These days, as well as taking care of protocol, he delivered onboard lectures about Maori customs and traditions.
With three other Maori crew members he led workshops on te reo, kapa haka and poi making during Ovation of the Seas' Christmas cruise, with the participants performing for fellow passengers on New Zealand night.
"They all know the haka because of the All Blacks but they want to learn more about us and our customs. I also tell them about the Treaty of Waitangi. I tell them it's the Magna Carta of the South Pacific."
In his 35 years in the industry Mr Kake-Hill said he had made lifelong friends and rubbed shoulders with the rich and famous, such as US talkshow star Oprah Winfrey.

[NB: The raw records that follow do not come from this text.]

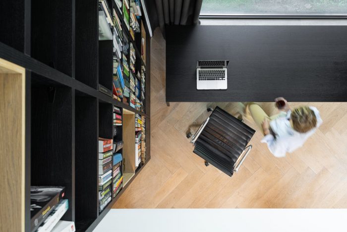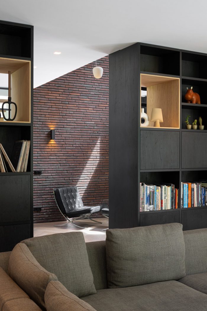 The color and material palette of the house has been kept limited to ensure that the house does not overshadow its green surroundings. The façade is clad in coral-red masonry provided by Van de Moortel, the linea 3016 to be precise. The natural nuance of the brick creates a lively and modern look. The recessed horizontal joints accentuate the clean horizontal lines of the house, where the slender, black-grey aluminum window frames and steel fascias contribute to the modern appearance.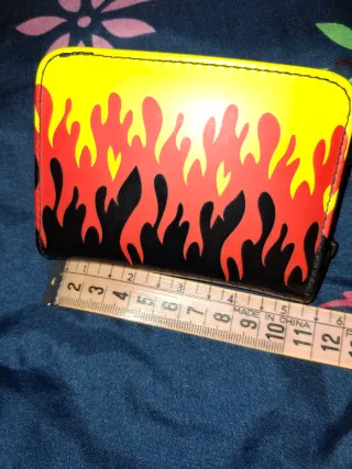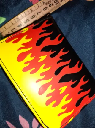 Cartera monedero con un llamativo diseño de llamas. - Diseño de llamas en rojo y amarillo. - Cremallera para cierre.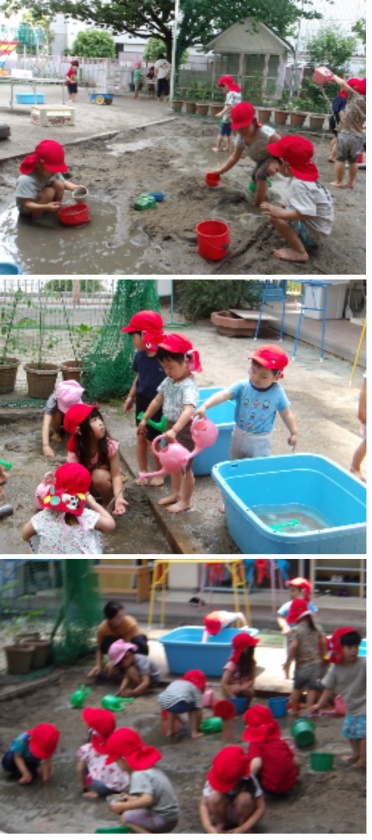 子どもたちは、水で濡れるのも、どろんこで汚れるのも、全部楽しい!!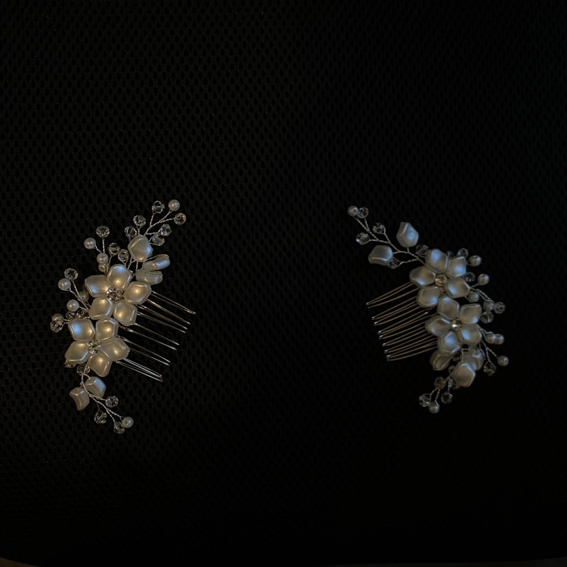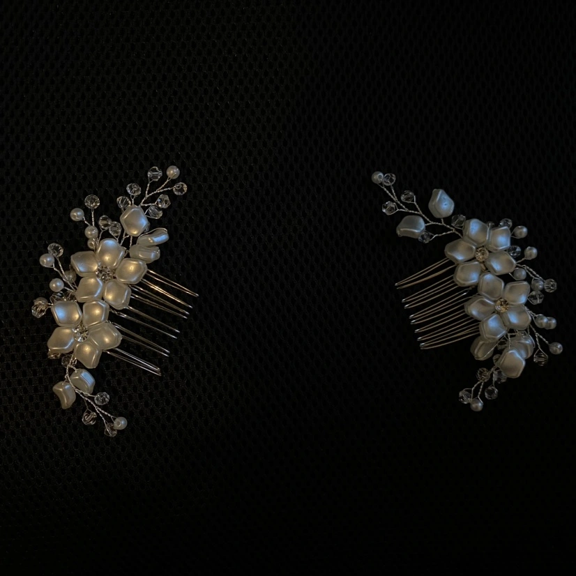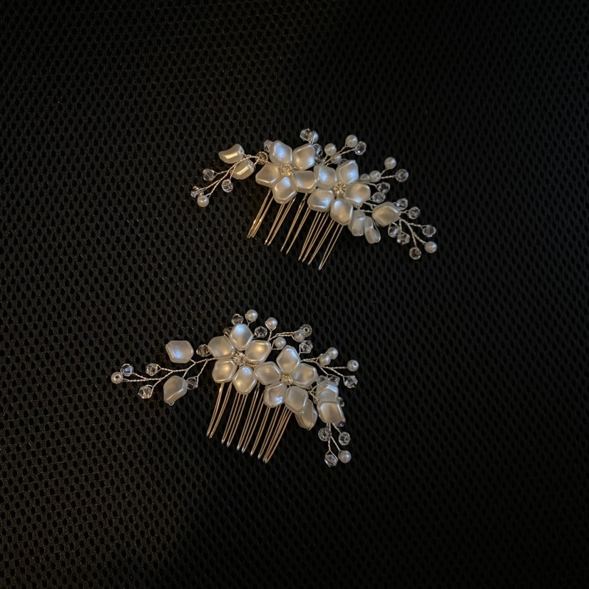2 Bridal White Pearl Hair Combs, Flower Hair Insert Comb Wedding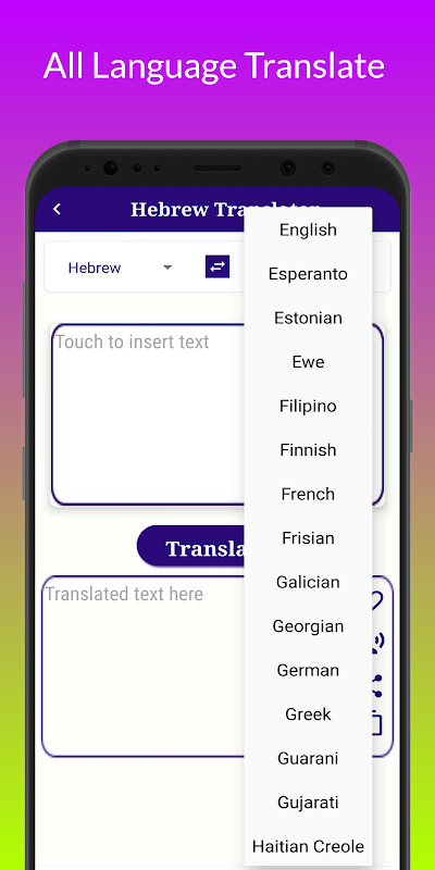 * All in One Hebrew to All Language Translator app.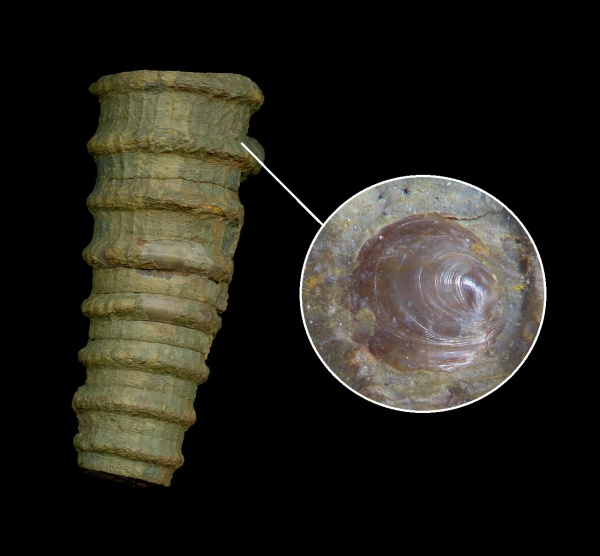 Cornuella ornata (Eichwald, 1840) с прикрепившейся ювенильной раковиной, предположительно, Orbiculoidea damanensis Sokolskaja, 1952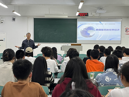 5月11日晚,学校党委常委、副校长陈运超走进2021级城管、社会工作班的“形势与政策”课堂,以“脆弱复苏的世界经济”为主题,为同学们讲授了一堂既有全局高度、又有理论深度的形势与政策课。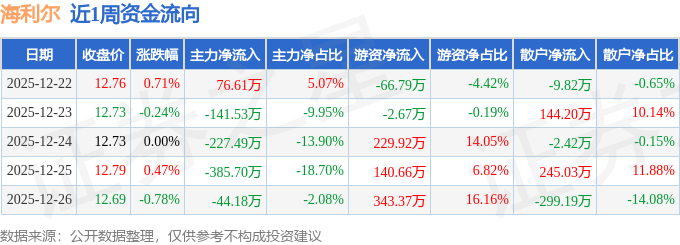 沪深股通持股方面,截止2025年12月26日收盘,海利尔沪股通持股数为109.75万股,占流通股比为32.0%。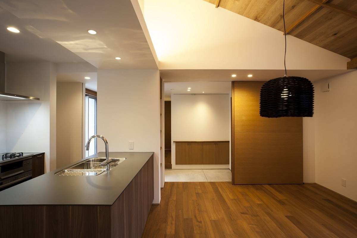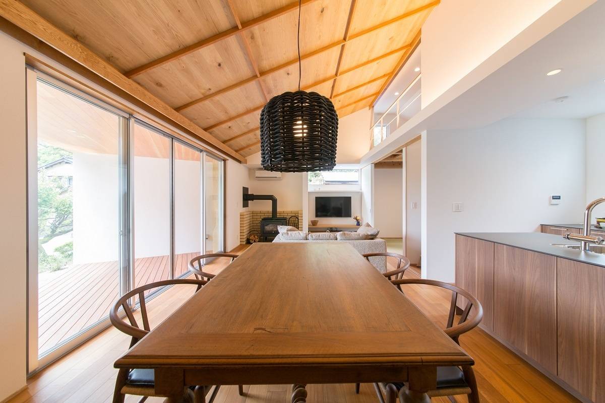 鳥栖市内の雑木林の脇にひっそりと佇む25坪程の週末住宅。休日には果樹や畑などの庭仕事を楽しみ、人々がそこに集い、収穫したものを分け合う。そんなシンプルな行為を積み込み、四季の変化や、太陽の光、風の音、木々の緑、雨の音、土のにおい、ストーブの火・・・・など自然を五感で感じることができる森の家です。周辺環境の山々の風景に自然に溶け込める様に建物を分棟型として一つ一つの建物ボリュームを小さく見せる様に計画し、それぞれの棟を土間空間で繋げた形状です。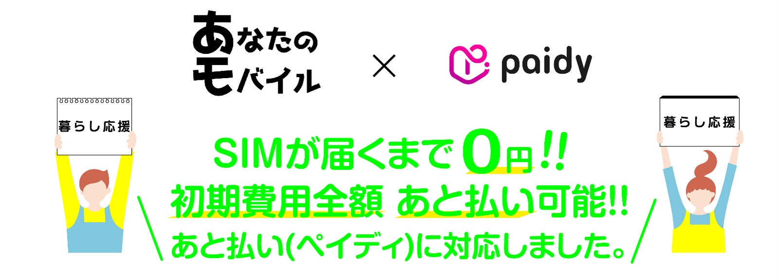 「SIMが届くまで0円」初期費用決済あと払い(ペイディ)に本日8月2日より対応の審査なしで契約可能な携帯会社あなたのモバイル

His greatest controversy came when he organised a powhiri for the first Russian cruise ship to visit New Zealand, the Shota Rustaveli, when memories of the Soviet invasion of Czechoslovakia were still fresh; his highlight was taking Maori carvings to Alaska in the mid-1970s, starting a relationship between the two indigenous peoples.
"It's been quite an exciting life," he said.
Born in Orauta, raised at Ngawha Springs and now living in Kaikohe, Mr Kake-Hill is of Ngapuhi, Ngati Hine, Ngati Manu and Ngati Hau descent.
He travelled with the Ovation of the Seas when it left the Bay of Islands on Thursday evening for Tauranga. He was due to fly back to the Far North from there.
During the gift presentation Mr Davis spoke of his ancestor, Tahuhunuiarangi, who 18 generations earlier brought one of the first vessels into the Bay, the waka Moekakara.
He also noted a personal connection with the name of the ship's observation platform, North Star. A ship of the same name had brought some of his European ancestors to New Zealand and in 1845 had shelled Otuihu Pa, home of some of his Maori ancestors.